WHAT THIS TASK INVOLVES:
Leaving out every picture, retype the lines below from the top through the one that contains "22 in. Unlit".

SOURCE MATERIAL:
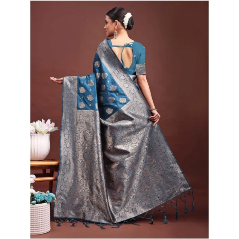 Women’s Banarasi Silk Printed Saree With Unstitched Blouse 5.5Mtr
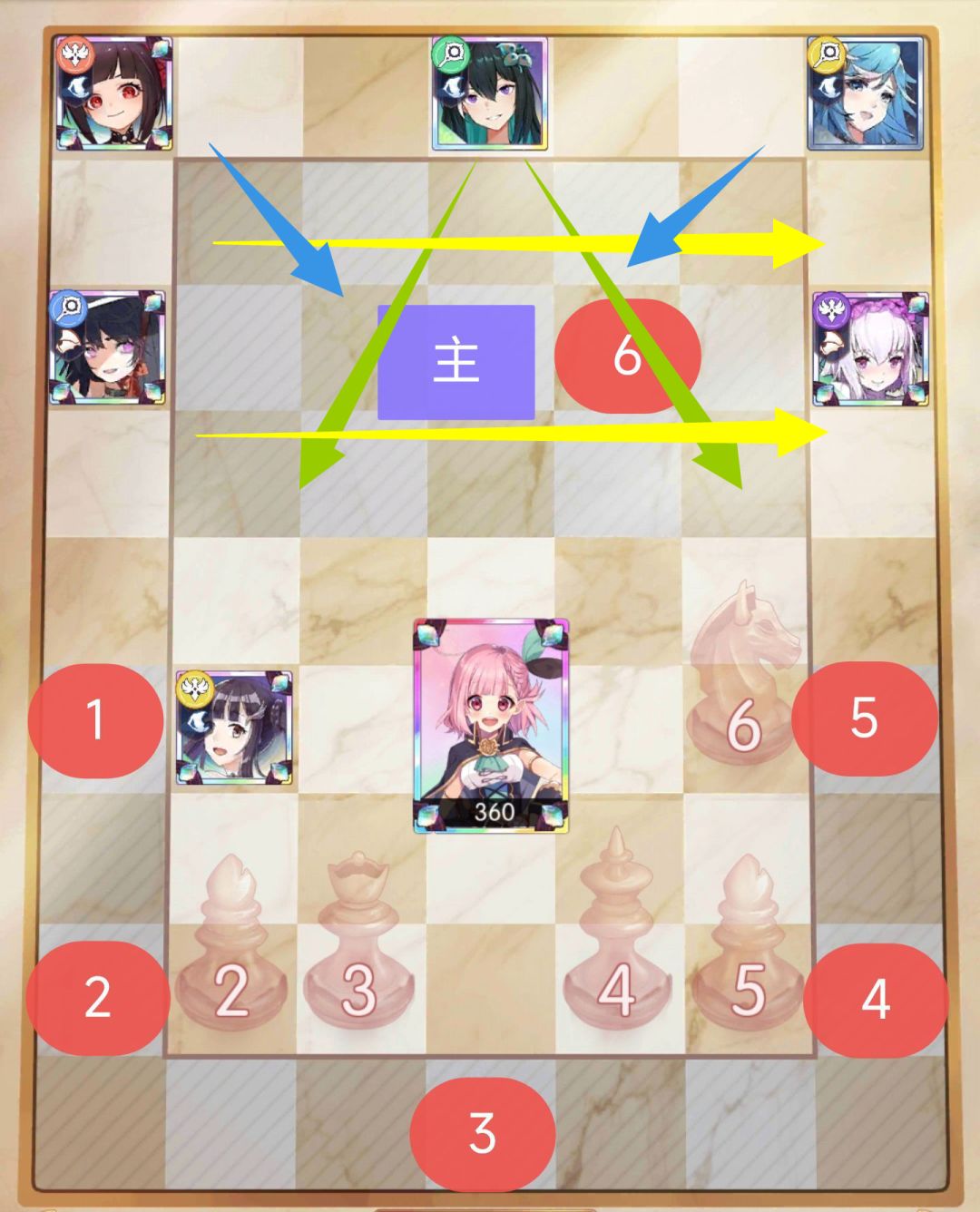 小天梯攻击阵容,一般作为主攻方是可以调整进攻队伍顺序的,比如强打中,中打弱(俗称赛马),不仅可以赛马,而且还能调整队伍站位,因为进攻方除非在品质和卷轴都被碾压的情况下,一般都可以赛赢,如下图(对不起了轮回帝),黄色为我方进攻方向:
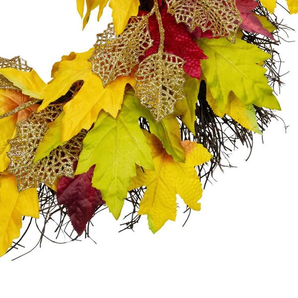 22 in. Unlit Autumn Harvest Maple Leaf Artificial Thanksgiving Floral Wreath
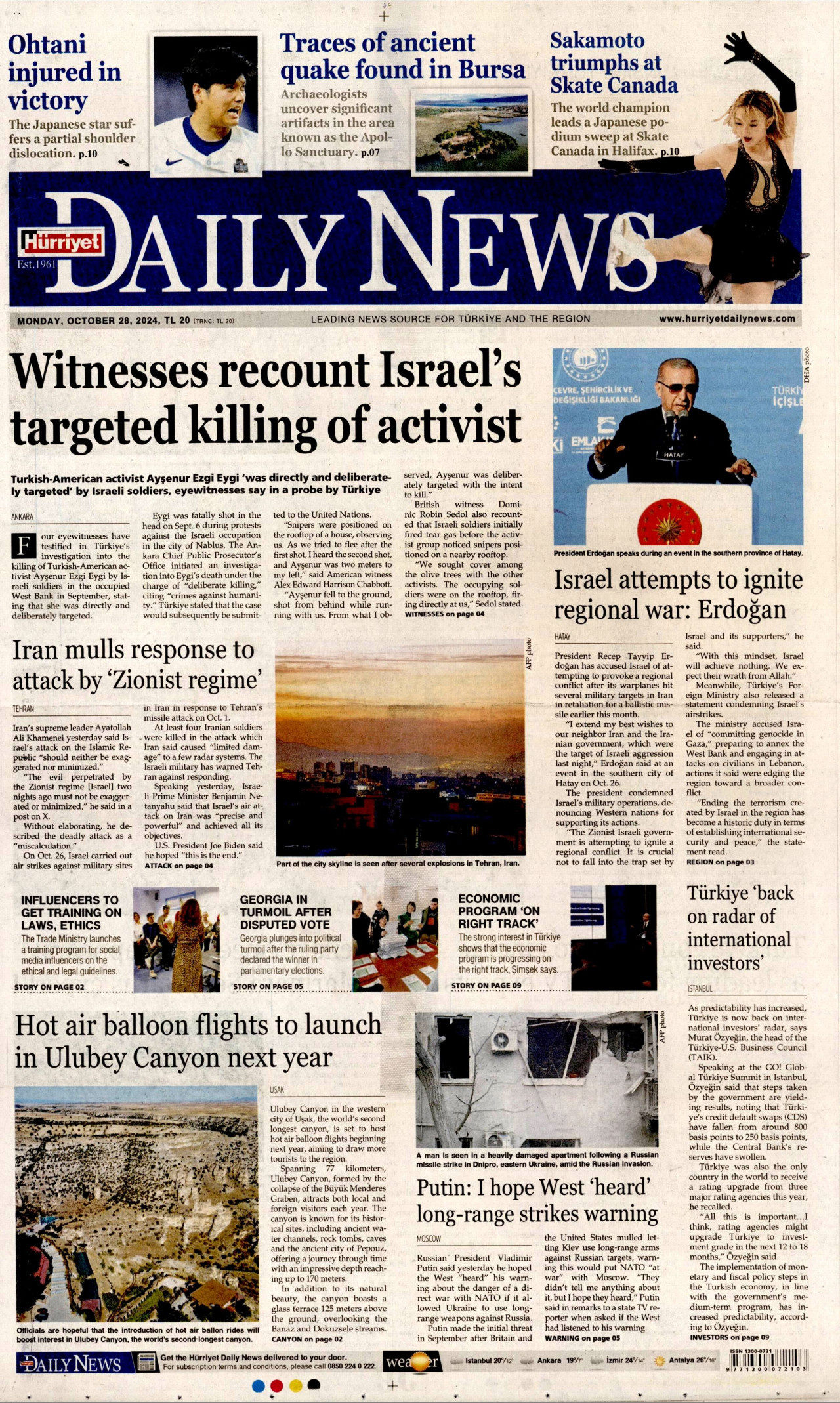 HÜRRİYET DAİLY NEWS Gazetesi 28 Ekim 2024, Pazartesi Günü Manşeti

EXPECTED OUTPUT:
 Women’s Banarasi Silk Printed Saree With Unstitched Blouse 5.5Mtr
 小天梯攻击阵容,一般作为主攻方是可以调整进攻队伍顺序的,比如强打中,中打弱(俗称赛马),不仅可以赛马,而且还能调整队伍站位,因为进攻方除非在品质和卷轴都被碾压的情况下,一般都可以赛赢,如下图(对不起了轮回帝),黄色为我方进攻方向:
 22 in. Unlit Autumn Harvest Maple Leaf Artificial Thanksgiving Floral Wreath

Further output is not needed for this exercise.